Каков рецепт буфера для лизиса?

Буфер для лизиса представляет собой раствор, используемый для вскрытия или «лизирования» бактериальных клеток с высвобождением внутриклеточного содержимого. Он широко используется в молекулярной биологии и микробиологических процедурах, таких как экстракция ДНК и белков. Точный состав лизирующего буфера может варьироваться в зависимости от конкретного применения и типа лизируемых бактерий, но типичный рецепт включает следующие компоненты:

Трис-HCl (трис(гидроксиметил)аминометан гидрохлорид): Он действует как буферный агент для поддержания pH буфера. Значение pH буфера для лизиса имеет решающее значение, поскольку оно может влиять на стабильность и активность ферментов, участвующих в стадиях лизиса.

ЭДТА (Этилендиаминтетрауксусная кислота): ЭДТА представляет собой хелатирующий агент, который связывается с двухвалентными катионами, такими как магний (Mg2+) и кальций (Ca2+), которые необходимы для поддержания целостности бактериальной клеточной стенки. Хелатируя эти ионы, ЭДТА ослабляет клеточную стенку и облегчает лизис клеток.

NaCl (хлорид натрия): NaCl включен в буфер для поддержания осмотического баланса и сохранения структурной целостности бактериальных клеток. Соответствующая концентрация NaCl зависит от солеустойчивости конкретных лизируемых бактерий.

Моющее средство (например, SDS или Triton X-100): Детергенты являются важнейшими компонентами лизирующего буфера, поскольку они разрушают липидный бислой мембраны бактериальных клеток. SDS (додецилсульфат натрия) является широко используемым моющим средством, но также можно использовать его альтернативы, такие как Triton X-100 или NP-40.

Лизоцим: Лизоцим представляет собой фермент, который специфически расщепляет бета-1,4-гликозидные связи, присутствующие в пептидогликановом слое клеточных стенок бактерий. Добавление лизоцима в лизирующий буфер усиливает разрушение клеток за счет разрушения сети пептидогликана.

РНКаза (рибонуклеаза): Если целью является экстракция РНК, в буфер для лизиса можно добавить РНКазу, чтобы предотвратить деградацию РНК во время процедуры лизиса. Ферменты РНКазы разрушают молекулы РНК, расщепляя фосфодиэфирные связи.
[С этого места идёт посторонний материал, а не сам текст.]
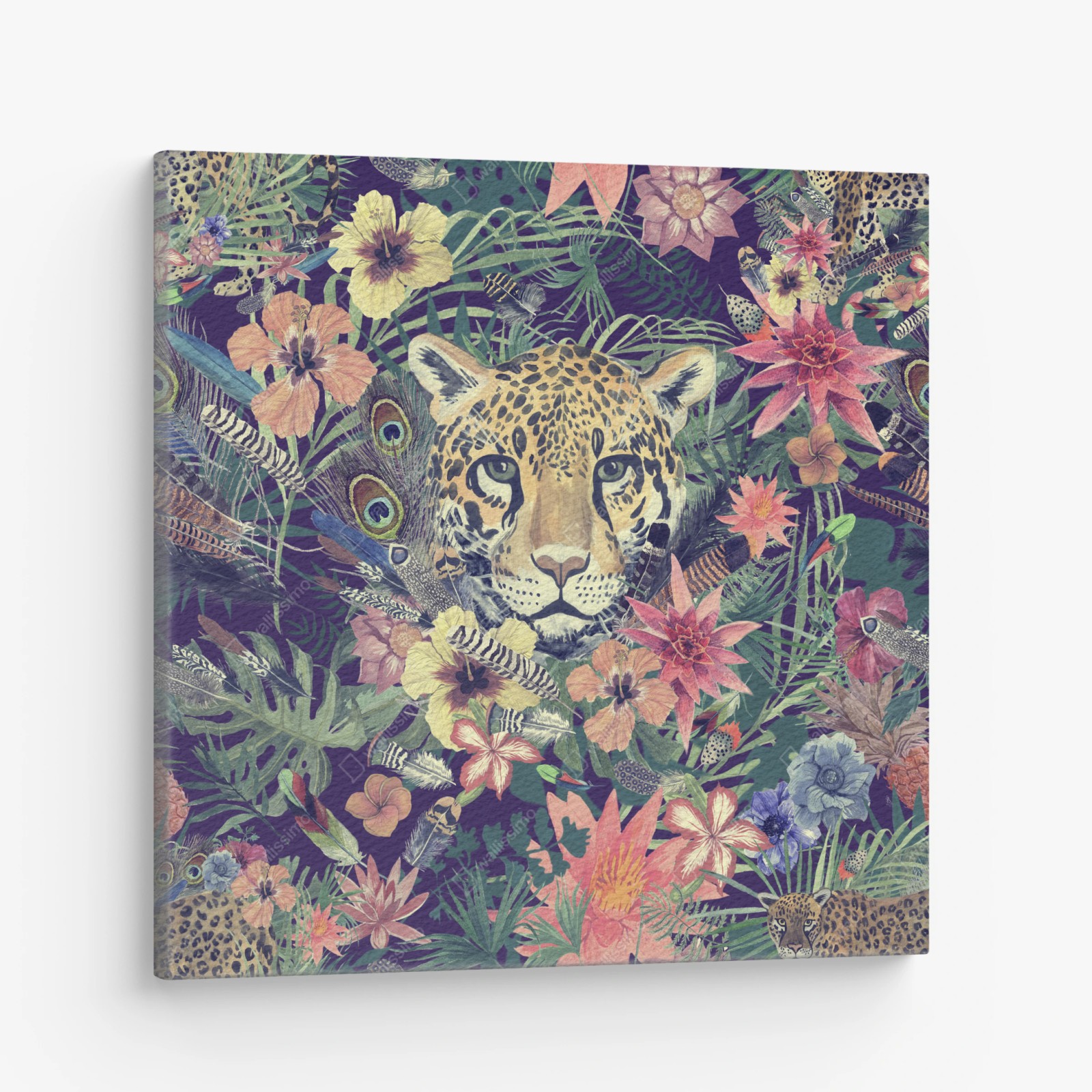 Eine vintage Aquarell-Illustration eines Leoparden umgeben von tropischen Blumen und Federn, ideal um exotische, botanische Energie in jeden Raum zu bringen.MehrWeniger

Протеаза (протеиназа К): Если целью является экстракция белка, в буфер для лизиса можно включить протеазу, такую ​​как протеиназа К. Протеиназа К — это мощный фермент, который может переваривать широкий спектр белков, не влияя на структуру или активность интересующих белков-мишеней.

Приготовление включает растворение соответствующих количеств Трис-HCl, ЭДТА, NaCl и выбранного моющего средства в сверхчистой или стерильной дистиллированной воде. Затем pH доводят до желаемого значения, используя концентрированную соляную кислоту (HCl) или гидроксид натрия (NaOH), обычно около pH 8,0. Добавляют лизоцим, РНКазу и протеиназу К в рекомендуемых концентрациях и тщательно перемешивают раствор, чтобы обеспечить полное растворение всех компонентов.

Конечный буфер для лизиса следует хранить при соответствующих условиях, обычно -20°C или -80°C, чтобы сохранить его стабильность и предотвратить деградацию ферментов. Перед применением буфер следует разморозить и тщательно перемешать для обеспечения однородности.

Важно оптимизировать состав буфера для лизиса с учетом конкретных лизируемых бактерий и последующих применений. Для достижения эффективного лизиса клеток и сохранения целостности целевых молекул может потребоваться корректировка pH, концентрации детергента или типов ферментов.